The upper and lower outlier limits are calculated as: Median + 3 * (1.4826*MAD)
Median – 3 * (1.4826*MAD)
Where 1.4826*MAD is an estimate of the standard deviation.

The robust mean and standard deviation measures are then the mean and standard deviation of all of the log(abundance ratios) falling within these limits. The robust mean is used to calculate the normalisation scaling factor. This factor is 10^(-mean), converting back from a log shift to a scalar multiplier. The robust standard deviation is also used in the normalisation reference selection (as per [1] above).
Ions with an abundance of 0 for either the normalized or normalizing sample are not included in the calculation.

Alternative methods

Along with the Normalisation Graphs tab, one can also select the Normalisation Method tab at the Review normalisation screen. This provides access to two alternatives to the default (Normalise to all proteins is the default, as described previously).

The normalisation method tab

The normalisation method options

Normalise to a set of housekeeping proteins

This option allows you to normalise to either a 'spike' or to proteins you reasonably expect to be unchanging in the sample. It may be of benefit where the standard key assumption (that most species do not alter between samples) is known to be violated, so that the default method is no longer appropriate, but there are unchanging species present that can instead be used to standardise between the runs. Examples might include a dilution series with a consistent spike added where the bulk sample is being intentionally uploaded in sequence, or samples without any loading standardisation (so that variable amounts may be present) but with a consistently loaded spike. Alternatively, the assumption may be made that specific housekeeping proteins present in the sample will be unchanging despite the sample as a whole potentially altering. However, this application must be exercised with caution [ref 1].

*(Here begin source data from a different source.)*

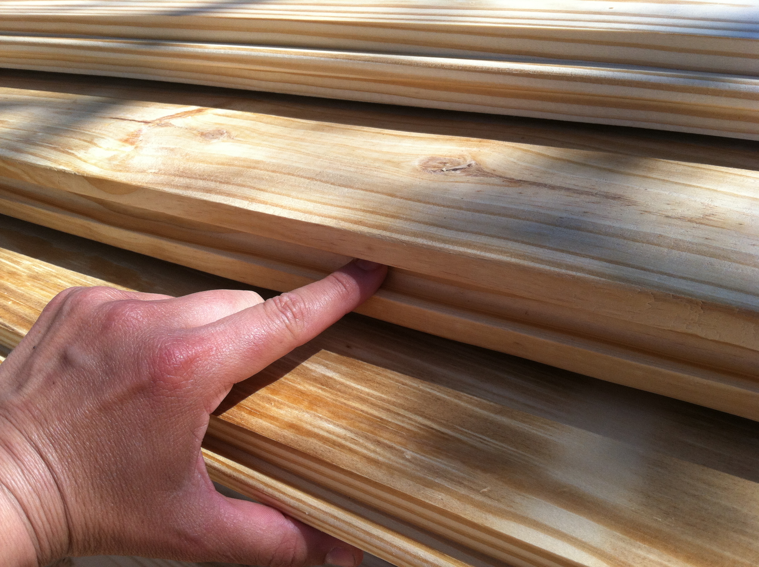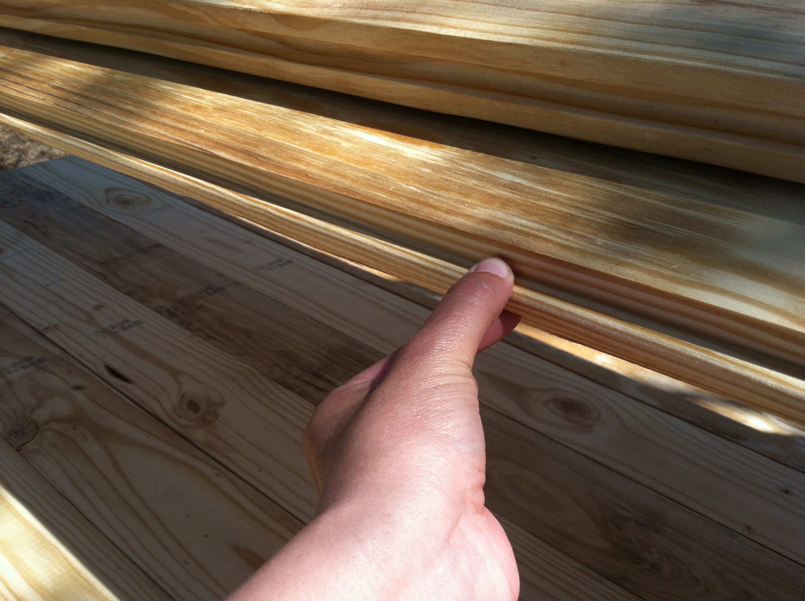 For those of you who aren’t builders, these boards are called “tongue and groove.” One side has a “tongue”…(that I’m pinching in this picture)…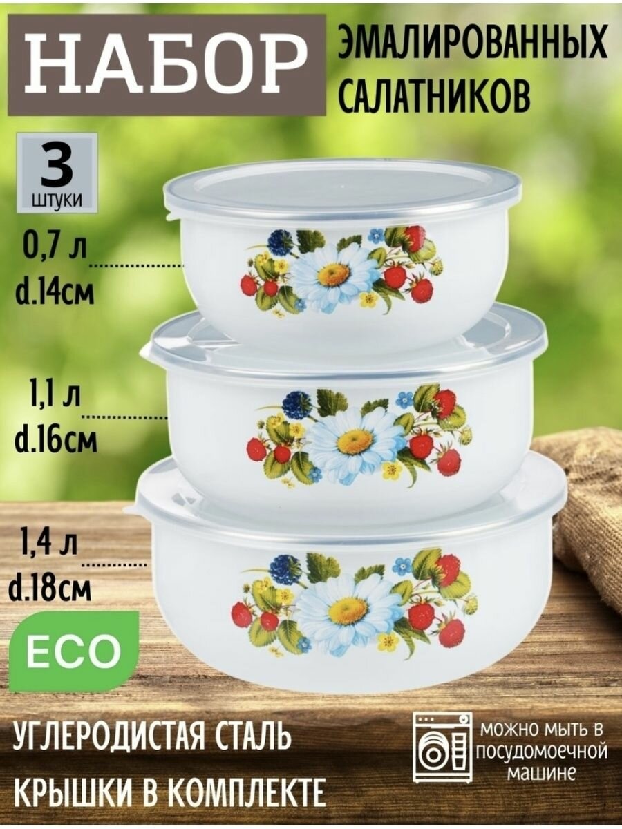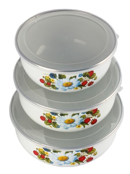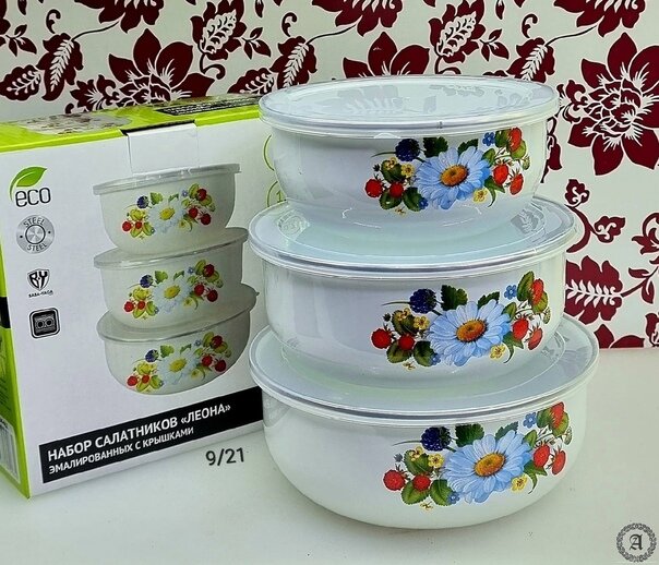 Набор эмалированных салатников с крышками, 6пр. (14/16/18см, 0,7/1,1/1,4л) "Леона" интересное: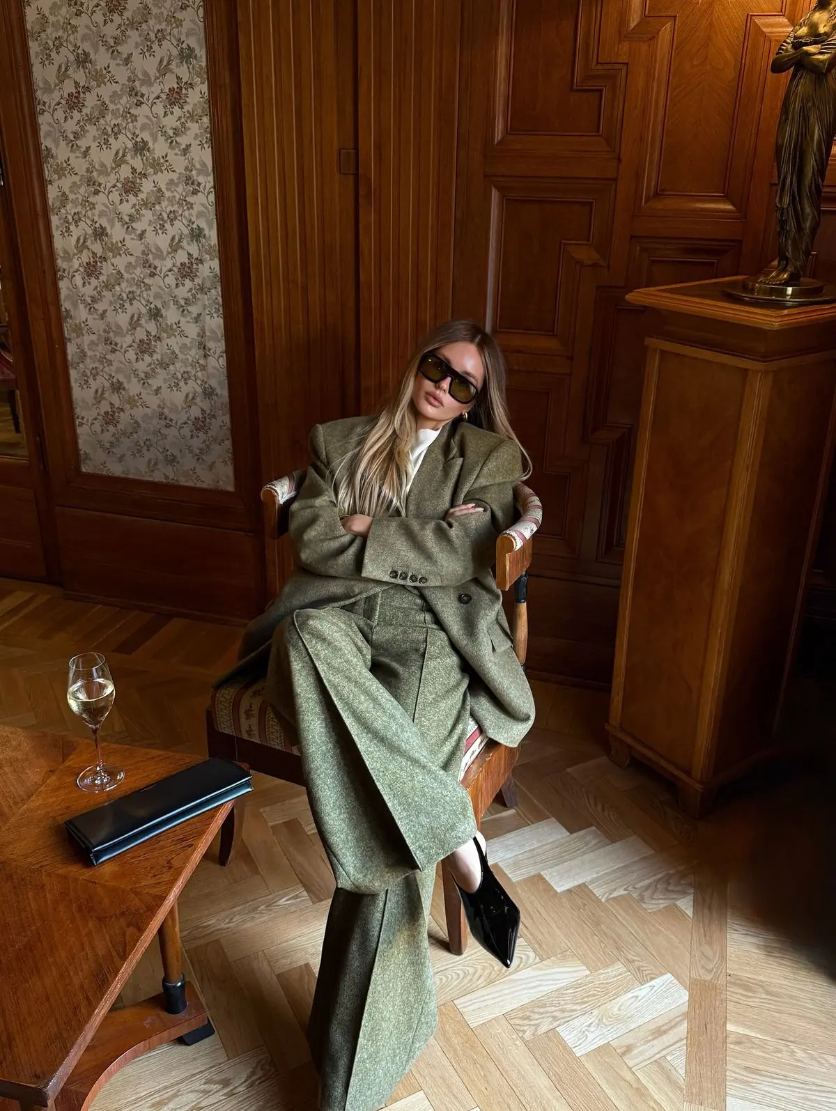 Sometimes a suit is really a matching coat and trouser set, and this olive green combination is stunning. The oversized blazer creates dramatic proportions, while the matching trousers ground the look.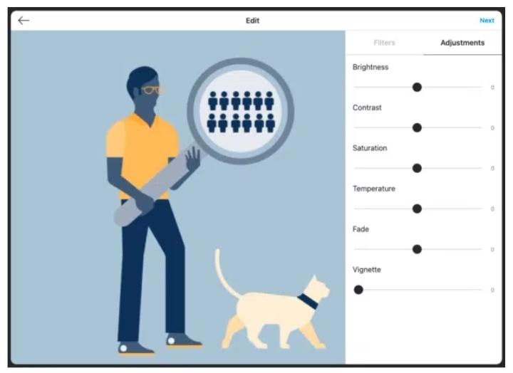 - If you want to, you can click the Filters tab to apply one of the 12 preset filters. Or click the Adjustments tabs to manually adjust things like brightness, fade, and contrast. Click Next.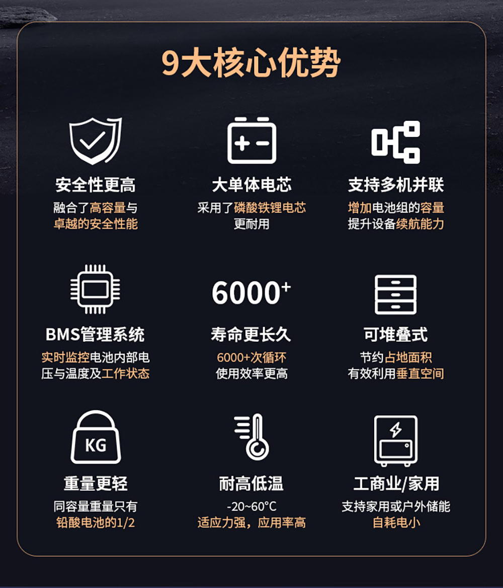 使用安全环保的磷酸铁锂电池,符合MSDS、UN38.3、ROHS、IEC62619和UL标准。

If you wish to apply this option, naturally, you must first have identified your proteins to determine the peptide ions corresponding to your chosen standard.

There are then two ways to then select the appropriate peptide ions corresponding to that protein.

The first is to go to the Review Proteins stage, and in the table, find your standard(s) using the search box and their accession. Double-clicking on the relevant entry, selecting the View peptide measurements button on the left, or selecting the link below the table will bring up all the peptide ions comprising that protein. These can all be selected and tagged using the relevant column in the table.

Selecting a housekeeping protein's peptide ions by one of three methods.

Tagging the peptide ions corresponding to the housekeeping protein.

Back at the Review normalisation stage in the Normalisation Method tab, the tagged peptide ions can be selected in the filter dialog. These can then all be selected and ticked, and on returning to the Normalisation Graphs, the housekeeping normalisation will be applied.

Applying a filter using the tag applied to the housekeeping peptide ions.

Selecting all the relevant peptide ions after filtering.

The restriction of peptide ion features used in the graphs can be seen on the updated plots, and the normalisation factors will also be updated.

Normalisation graphs with housekeeping proteins used

The second method of setting the housekeeping protein is to simply search for its accession at the Review normalisation stage in the Normalisation Method tab directly, using the search box provided. Tagging is now optional, but the process is otherwise identical.

Reference

Ferguson et al., 2005: "Housekeeping proteins: a preliminary study illustrating some limitations as useful references in protein expression studies." Proteomics 5 (2), 566-71.

Don't use any normalisation

Selecting this option will not apply any normalisation to the data (all representations and calculations will use raw abundance). This may be appropriate in certain specific cases, as determined by the user.